In this iteration, Centers should be positioned to move beyond standard systems biology data generation and analysis of infectious diseases. Centers are expected to move into validation, application, and implementation of models derived from systems biology datasets.
In addition, systems biology approaches that either identify candidate interventions (e.g., therapeutics, vaccine effectiveness) and/or characterize their effectiveness should have a direct link to real-world applicability.
Yes. Animal models offer experimental platforms for model validation, iteration, and refinement. They also provide an ability to obtain mechanistic insight into signatures obtained from clinical data.

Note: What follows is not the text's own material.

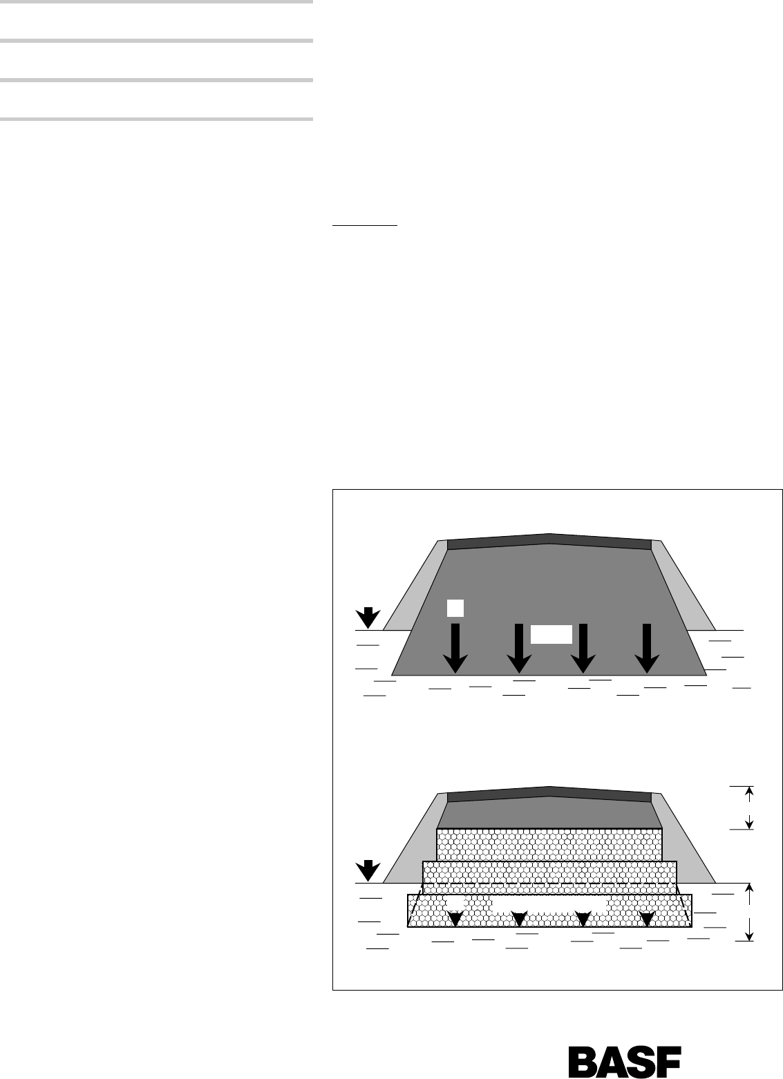 <p>1 General</p><p>The main consideration when con-</p><p>structing roads on poor load-bear-</p><p>ing subsoil is that every load deforms</p><p>the soft soil layers; and the greater</p><p>the load, the greater the deforma-</p><p>tion. This deformation process con-</p><p>tinues over years, depending on the</p><p>thickness of the soil layers. The low</p><p>shear resistance of poor loadbear-</p><p>ing subsoils means that concen-</p><p>trated loads should be avoided as</p><p>far as possible, otherwise these</p><p>layers will give at the sides. Com-</p><p>pensating for this form of subsi-</p><p>dence by laying new material leads</p><p>to further settlement due to the</p><p>additional burden.</p><p>The conventional techniques of sub-</p><p>soil improvement by complete or</p><p>partial replacement of the soil are</p><p>often time consuming and therefore</p><p>costly. By employing lightweight</p><p>materials, the weight of the road</p><p>embankment – and with it the load</p><p>on the subsoil – is reduced consid-</p><p>erably.</p><p>A largely subsidence-free method of</p><p>construction is thus obtained when</p><p>practically no additional loads are</p><p>brought to bear – ie, by using</p><p>extremely lightweight materials in</p><p>the embankment such as blocks of</p><p>Styropor foam (see figs. 1 and 2).</p><p>Technical Information</p><p>24558 June 1991/September 1993</p><p>StyroporT</p><p>800</p><p>Highway construction/</p><p>Ground insulation</p><p>Foams</p><p>Styropor foam as a lightweight construction material</p><p>for road base-courses</p><p>® = Registered trademark</p><p>σ0</p><p>σ1</p><p>σ > σ1 0</p><p>Conventional embankment structure</p><p>increased surface pressure</p><p>σ0</p><p>EPS embankment structure</p><p>non increased surface pressure</p><p>σ1 ~G = G = σ = σ2</p><p>~</p><p>1 1 0</p><p>~</p><p>G1</p><p>G2</p><p>Fig. 1 Comparison of conventional and EPS embankment structures.</p><p>2</p><p>2 Experience to date</p><p>Experience with Styropor (EPS)</p><p>foam boards used as frost protec-</p><p>tion for roads and railways formed</p><p>the basis for the development of</p><p>this construction technique. This</p><p>method of construction has been</p><p>applied since the middle of the</p><p>1960s, mainly in countries with</p><p>severe winters (eg, alpine regions,</p><p>Canada and the Scandinavian coun-</p><p>tries) where the deeply penetrating</p><p>ground frosts make it necessary to</p><p>provide costly frostproof subbases</p><p>for roads and railways (see figs. 3</p><p>and 4). With the appearance in 1984</p><p>of a booklet “Road surfacing with</p><p>thermal insulation layers made from</p><p>foam plastics” by the German Insti-</p><p>tute for Road & Transport Research</p><p>(Soil Mechanics Working Group),</p><p>“antifrost construction methods”</p><p>can now be ranked alongside other</p><p>conventional construction tech-</p><p>niques.</p><p>AAAAAAAAAAAA</p><p>AAAAAAAAAAAA</p><p>AAAAAAAAAAAA</p><p>AAAAAAAAAAAA</p><p>AAAAAAAA</p><p>AAAAAAAA</p><p>AAAAAAAA</p><p>AAAAAAAA</p><p>AAAAAAAA</p><p>σv</p><p>σH</p><p>σv</p><p>σH</p><p>With the EPS method no horizontal forces act on the bridge abutment</p><p>and supporting walls (lighter design)</p><p>Fig. 2</p><p>Fig. 3 and 4 Frost protection in road and railway construction using EPS rigid foam boards.</p><p>The use of rigid EPS foam, not only</p><p>for protective antifrost layers in the</p><p>form of insulating boards, but as a</p><p>load-carrying substructure for roads</p><p>and bridge abutments in the form of</p><p>large blocks, is based on this practi-</p><p>cal experience and on the fact that</p><p>lightweight (ca. 20 kg/m3) Styropor</p><p>foam possesses high bending and</p><p>shear strength for distributing both</p><p>dead weight and live loads; and so</p><p>offers higher efficiency than conven-</p><p>tional building materials (fig. 5).</p><p>2.1 Economy</p><p>The price of rigid EPS is much lower</p><p>than that of other foam materials,</p><p>but compared with conventional</p><p>materials used in road substruc-</p><p>tures, it is considerably more expen-</p><p>sive. However, a simple cost com-</p><p>parison is not enough – the alterna-</p><p>tive construction methods must be</p><p>also considered. Dependent upon</p><p>the local conditions, constructing</p><p>with Styropor offers a definite tech-</p><p>nical and economically interesting</p><p>solution – mostly for existing struc-</p><p>tures (eg, bridges, supporting walls,</p><p>pipe ducts) where subsidence is to</p><p>be avoided. Experience from abroad</p><p>has shown that in certain cases a</p><p>cost reduction of 50% can be</p><p>achieved over conventional building</p><p>techniques. Styropor also offers</p><p>obvious advantages if, for instance,</p><p>material has to be transported to</p><p>the construction site over long dis-</p><p>tances or special conditions have to</p><p>be met on environmental grounds.</p><p>3 Styropor – rigid EPS</p><p>EPS is the standard abbreviation for</p><p>Expanded Polystyrene. The stan-</p><p>dard used for rigid EPS foam as an</p><p>insulating material in the building</p><p>and construction industry is DIN</p><p>18164, part 1. Styropor EPS foam</p><p>has been produced worldwide for</p><p>over 40 years, and is mainly used in</p><p>the construction and packaging</p><p>industries.</p><p>3</p><p>Starting with the Styropor granulate,</p><p>which contains a blowing agent, the</p><p>manufacture of EPS foam takes</p><p>place in three stages: Pre-expand-</p><p>ing, intermediate storage and</p><p>moulding (fig 6). During the first</p><p>stage the granulate is heated and</p><p>made to expand – rather like pop-</p><p>corn when it is made (fig. 7). The</p><p>blowing agent used is pentane, a</p><p>naturally occurring hydrocarbon.</p><p>The pentane expands the Styropor</p><p>granules into individual foam parti-</p><p>cles five times their original volume.</p><p>Next, the pre-expanded material is</p><p>stored to allow air to diffuse into it</p>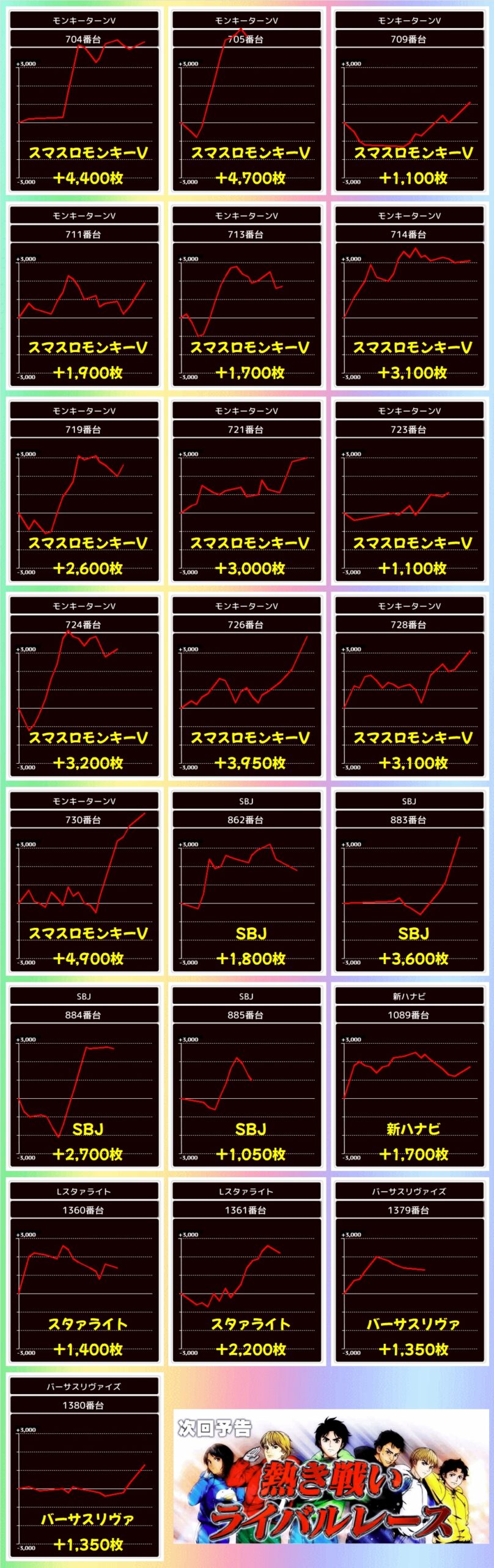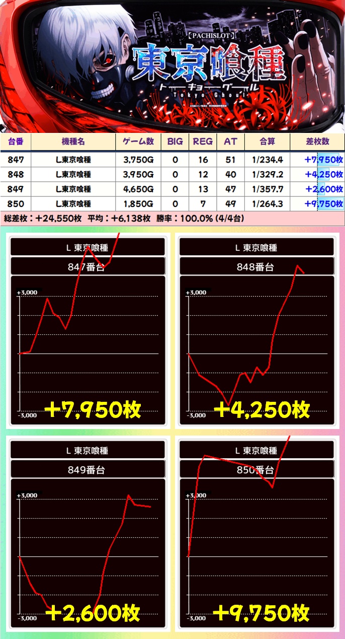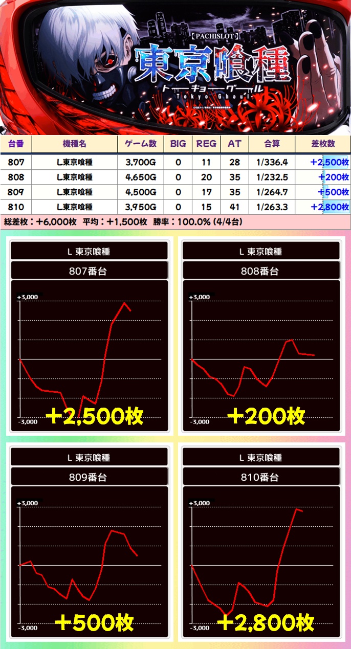 歌舞伎おなじみの並び仕掛けは本日も大量!人気スマスロの喰種やマギレコの並びは平均2000枚超と大量獲得の並び複数!ジャグも複数並びがあり、いずれも勝率100%と優秀でした!

However, as noted in the RFA, systems biology studies with a sole focus on “Animal models and/or cell lines in the absence of human clinical samples” are considered non-responsive and will not be reviewed. For a list of studies considered non-responsive, refer to Section I Research Objectives and Scope.
Yes. The objective of the Systems Biology Program is to improve prevention, diagnosis, and treatment modalities for infectious diseases through a more robust understanding of differential disease outcomes. The application should include multi-omic data and model generation in the context of these interventions, as described in the RFA.
Yes. Since each program includes at least two research projects, a technology core, data dissemination core, and modeling core, there are opportunities to mature systems biology processes while also integrating clinical data/metadata into models that forecast disease onset, severity, and/or efficacy of interventions.
Yes, as noted in the RFA, prospective sample collection is allowed for the first 2 years. If samples for the proposed studies are to be collected from an independently-funded clinical research project or trial, you may include the following costs: the costs of re-consenting study participants, and additional sample collection, preparation, and shipping.
We encourage applicants to also include projects with clinical samples “in hand,” leveraging pre-existing cohorts so projects can initiate immediately if awarded.